** Data for this task **
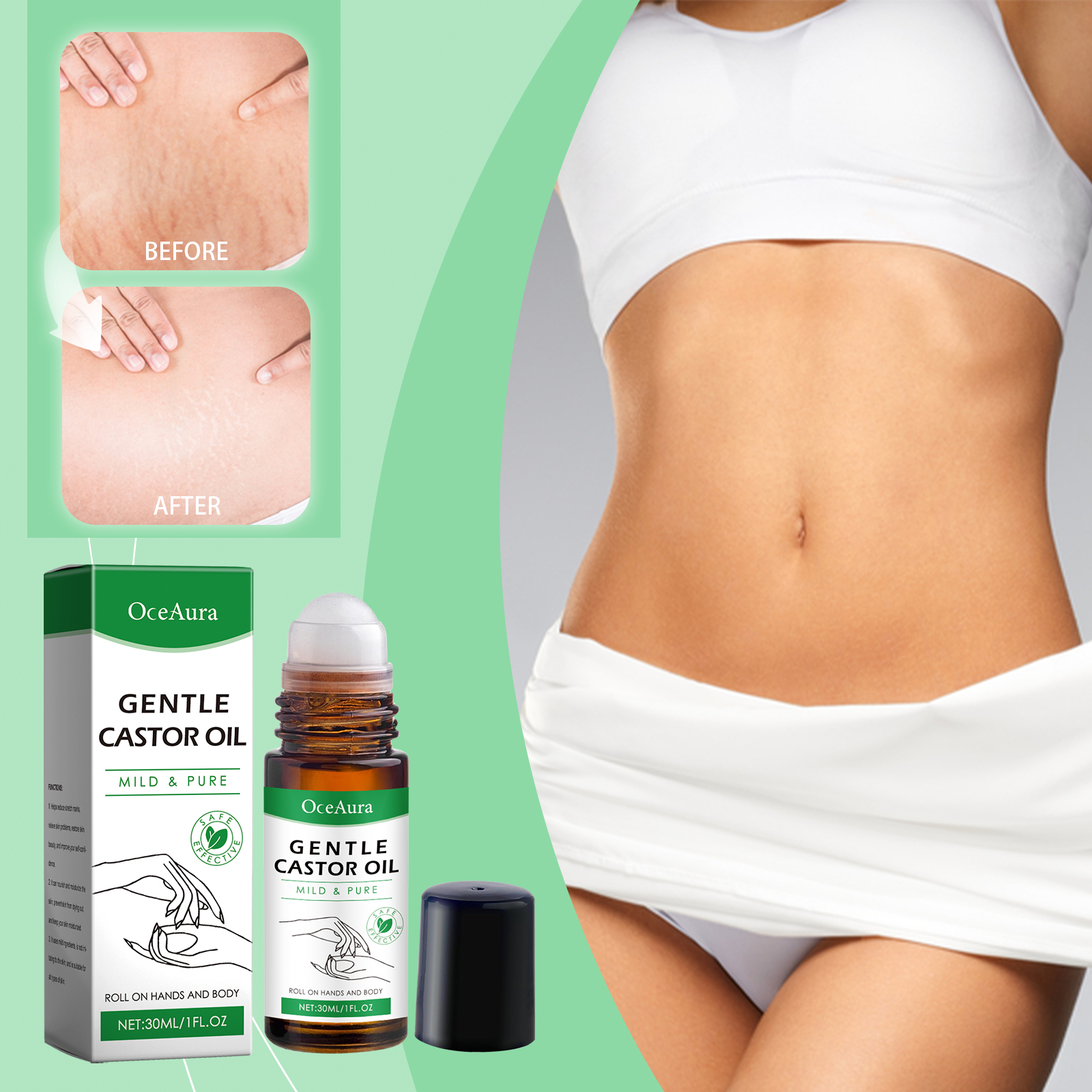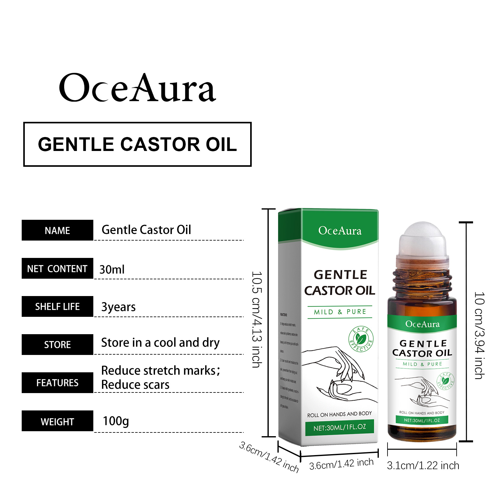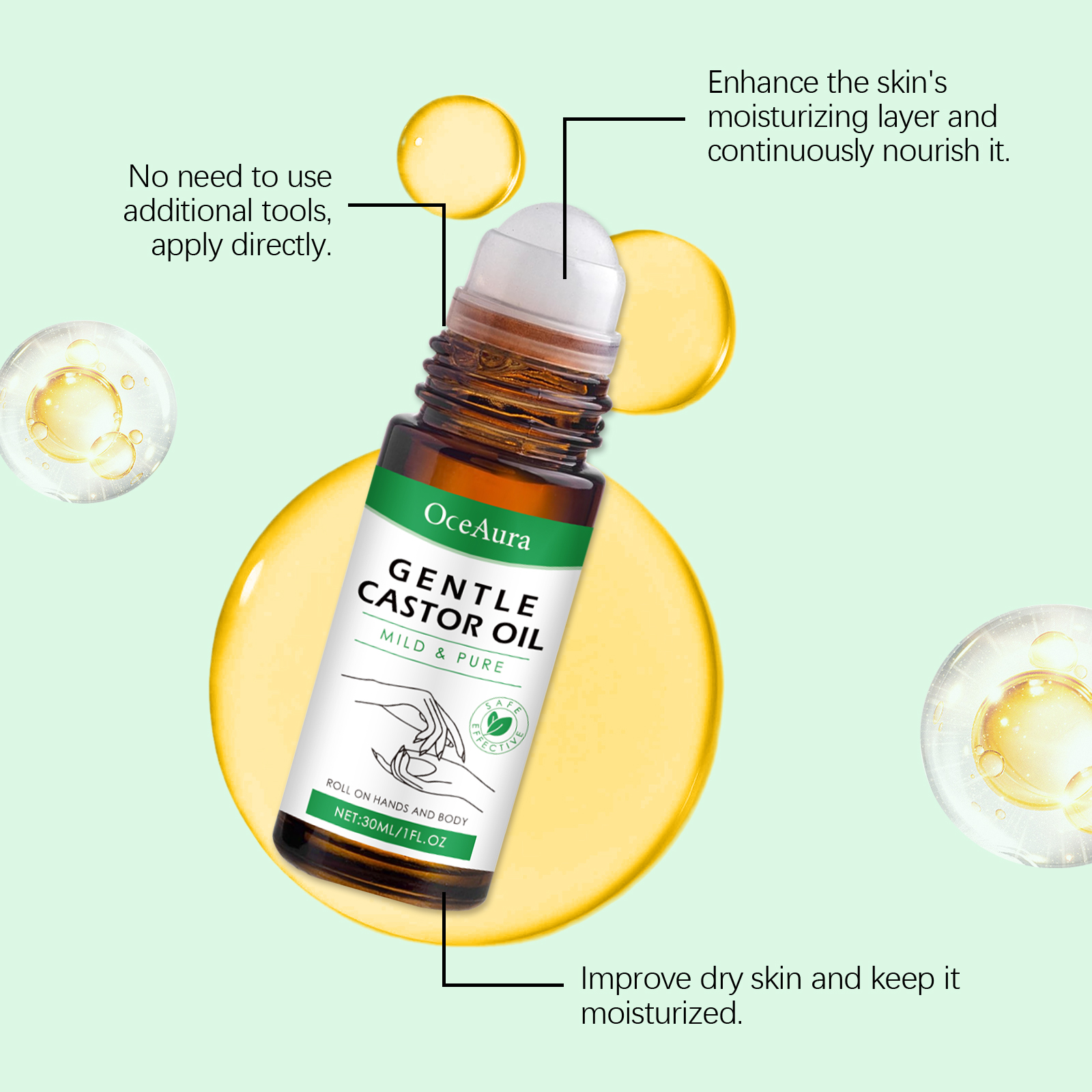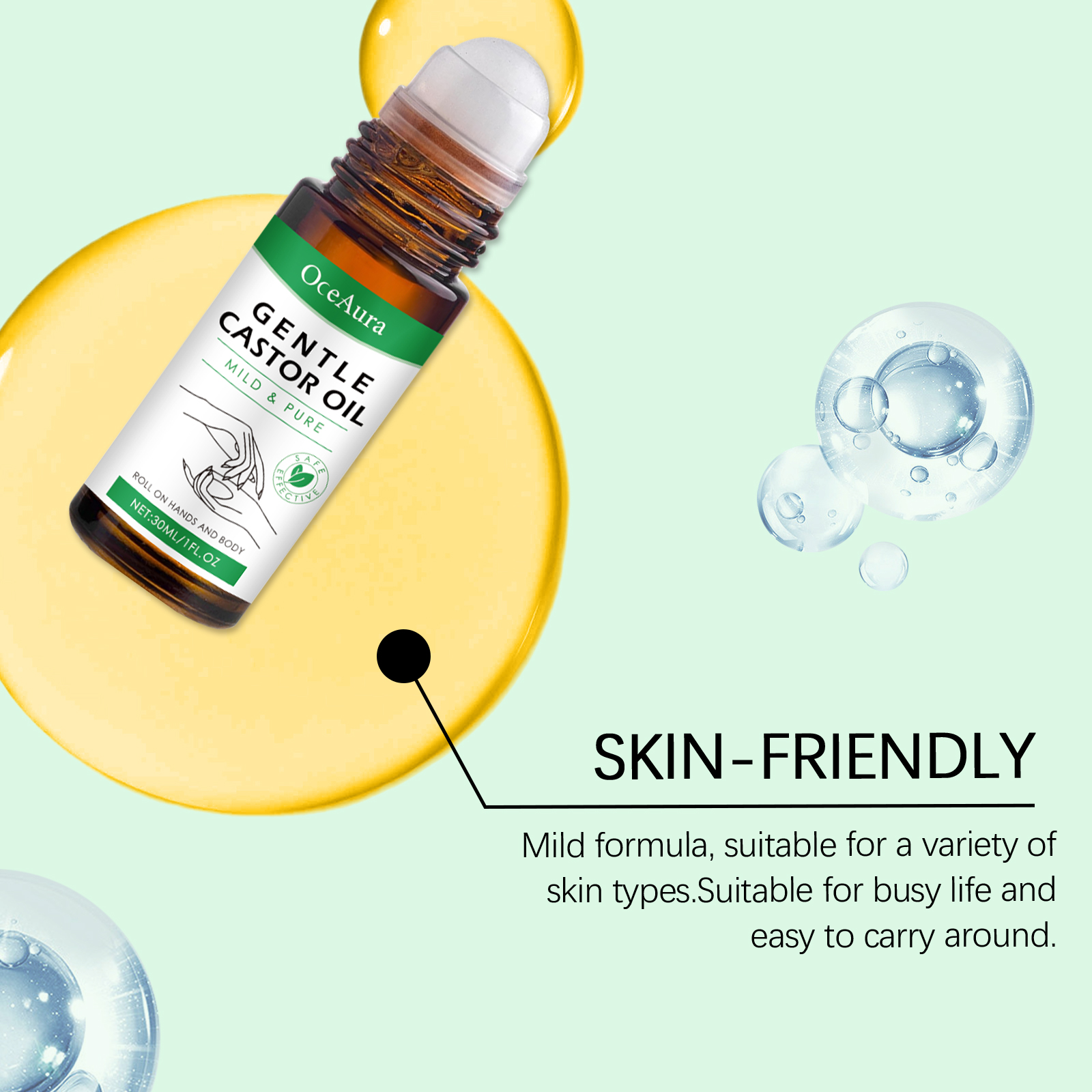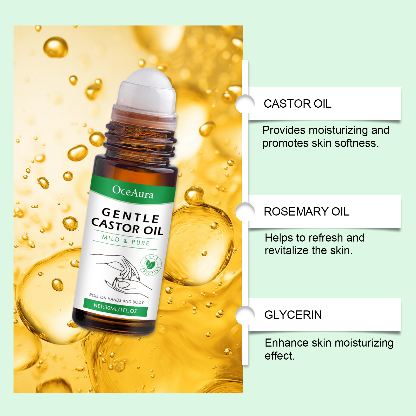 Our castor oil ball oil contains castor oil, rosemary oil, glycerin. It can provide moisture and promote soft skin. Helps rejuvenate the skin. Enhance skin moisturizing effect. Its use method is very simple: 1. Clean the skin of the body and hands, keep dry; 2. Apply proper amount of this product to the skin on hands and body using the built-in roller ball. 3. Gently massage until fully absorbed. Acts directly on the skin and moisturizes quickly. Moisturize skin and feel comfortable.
--
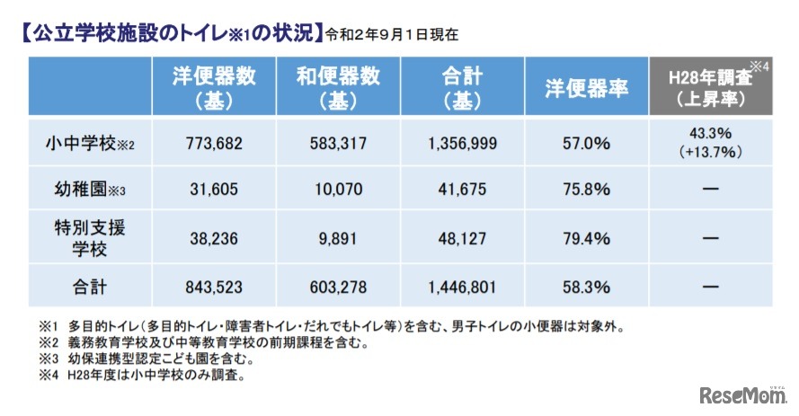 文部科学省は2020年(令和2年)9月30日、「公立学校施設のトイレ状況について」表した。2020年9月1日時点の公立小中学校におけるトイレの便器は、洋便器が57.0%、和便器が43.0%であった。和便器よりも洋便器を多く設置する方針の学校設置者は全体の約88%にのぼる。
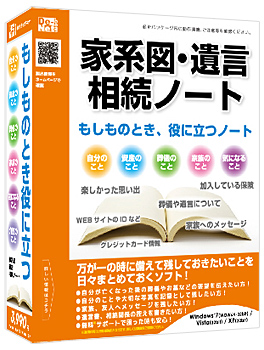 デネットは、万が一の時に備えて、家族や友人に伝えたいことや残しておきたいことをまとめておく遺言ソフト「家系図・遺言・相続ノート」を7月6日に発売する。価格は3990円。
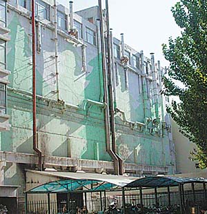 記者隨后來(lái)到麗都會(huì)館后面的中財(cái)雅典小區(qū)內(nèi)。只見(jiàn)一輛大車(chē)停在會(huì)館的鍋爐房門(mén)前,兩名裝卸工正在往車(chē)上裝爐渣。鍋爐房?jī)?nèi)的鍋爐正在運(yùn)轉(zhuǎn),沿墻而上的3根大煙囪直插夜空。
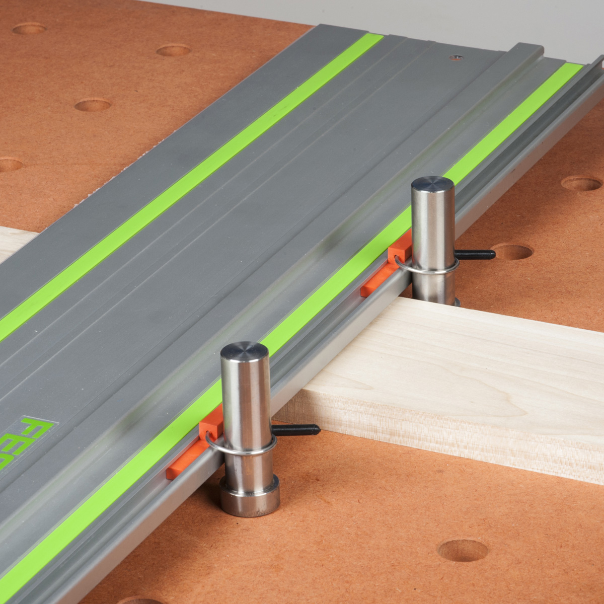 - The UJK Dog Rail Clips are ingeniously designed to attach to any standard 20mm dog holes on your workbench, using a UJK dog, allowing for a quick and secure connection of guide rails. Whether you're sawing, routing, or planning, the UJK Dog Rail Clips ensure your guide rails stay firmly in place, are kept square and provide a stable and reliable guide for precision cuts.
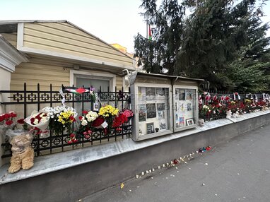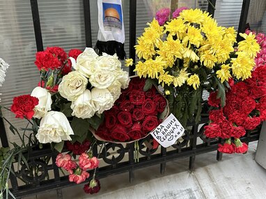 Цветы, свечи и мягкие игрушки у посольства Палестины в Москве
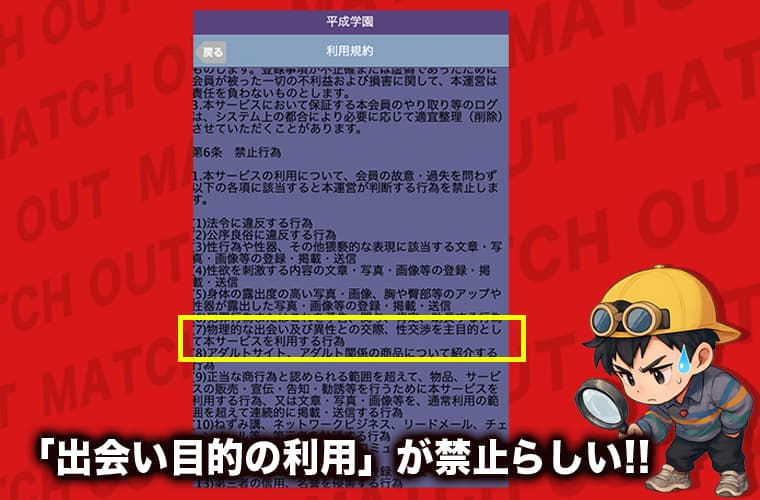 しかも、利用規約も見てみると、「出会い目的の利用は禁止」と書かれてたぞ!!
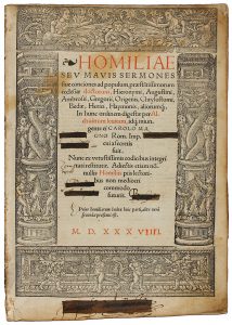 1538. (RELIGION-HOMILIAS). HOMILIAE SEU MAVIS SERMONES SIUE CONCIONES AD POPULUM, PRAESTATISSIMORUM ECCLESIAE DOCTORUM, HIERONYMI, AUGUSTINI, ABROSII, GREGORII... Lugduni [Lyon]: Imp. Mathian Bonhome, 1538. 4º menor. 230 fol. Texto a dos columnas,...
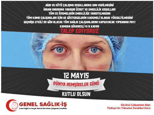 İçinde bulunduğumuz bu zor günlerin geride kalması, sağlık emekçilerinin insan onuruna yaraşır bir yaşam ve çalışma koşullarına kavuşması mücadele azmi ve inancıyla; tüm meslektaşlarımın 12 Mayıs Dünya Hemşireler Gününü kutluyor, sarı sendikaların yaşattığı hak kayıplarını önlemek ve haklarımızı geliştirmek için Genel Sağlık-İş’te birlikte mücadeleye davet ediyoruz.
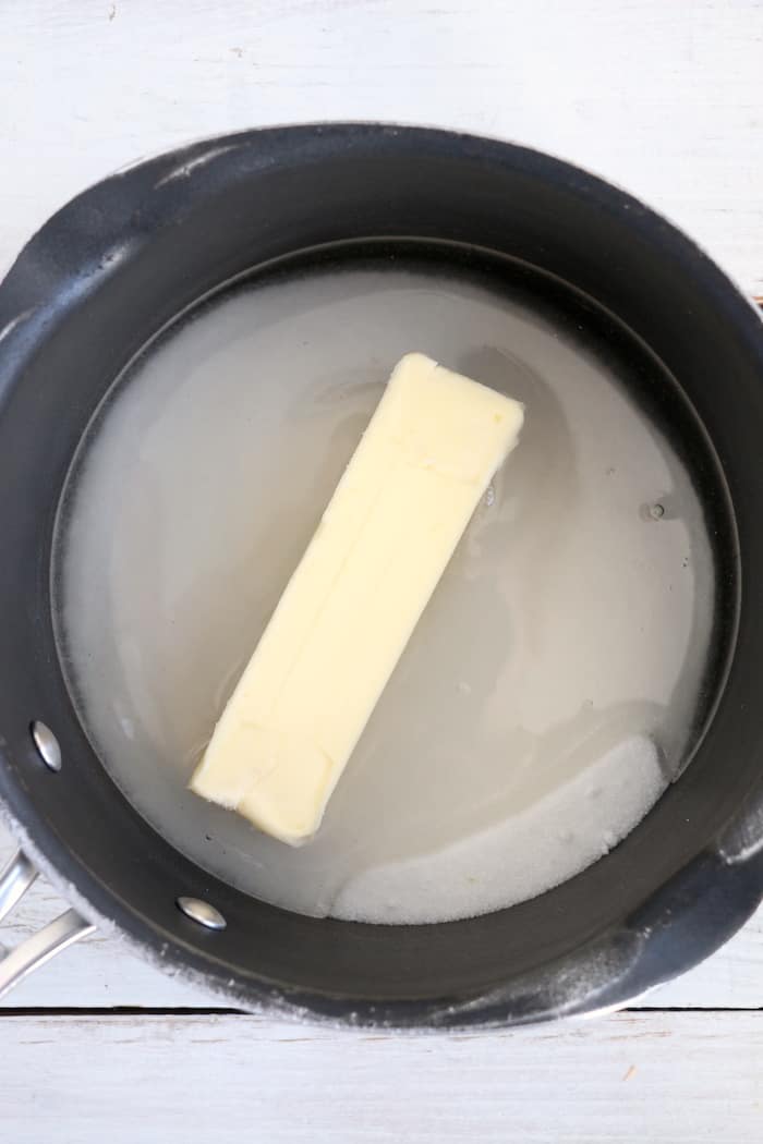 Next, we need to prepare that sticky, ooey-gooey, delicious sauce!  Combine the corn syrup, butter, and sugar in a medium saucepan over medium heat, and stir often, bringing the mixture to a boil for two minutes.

** How to complete this task **
Set down, exactly as written above, each line from the one with "しかも、利用規約も見てみると、「出会い目的の利用は禁止」と書かれてたぞ!!" through the one with "1538. (RELIGION-HOMILIAS). HOMILIAE", and skip the pictures.

** Task output **
 しかも、利用規約も見てみると、「出会い目的の利用は禁止」と書かれてたぞ!!
 1538. (RELIGION-HOMILIAS). HOMILIAE SEU MAVIS SERMONES SIUE CONCIONES AD POPULUM, PRAESTATISSIMORUM ECCLESIAE DOCTORUM, HIERONYMI, AUGUSTINI, ABROSII, GREGORII... Lugduni [Lyon]: Imp. Mathian Bonhome, 1538. 4º menor. 230 fol. Texto a dos columnas,...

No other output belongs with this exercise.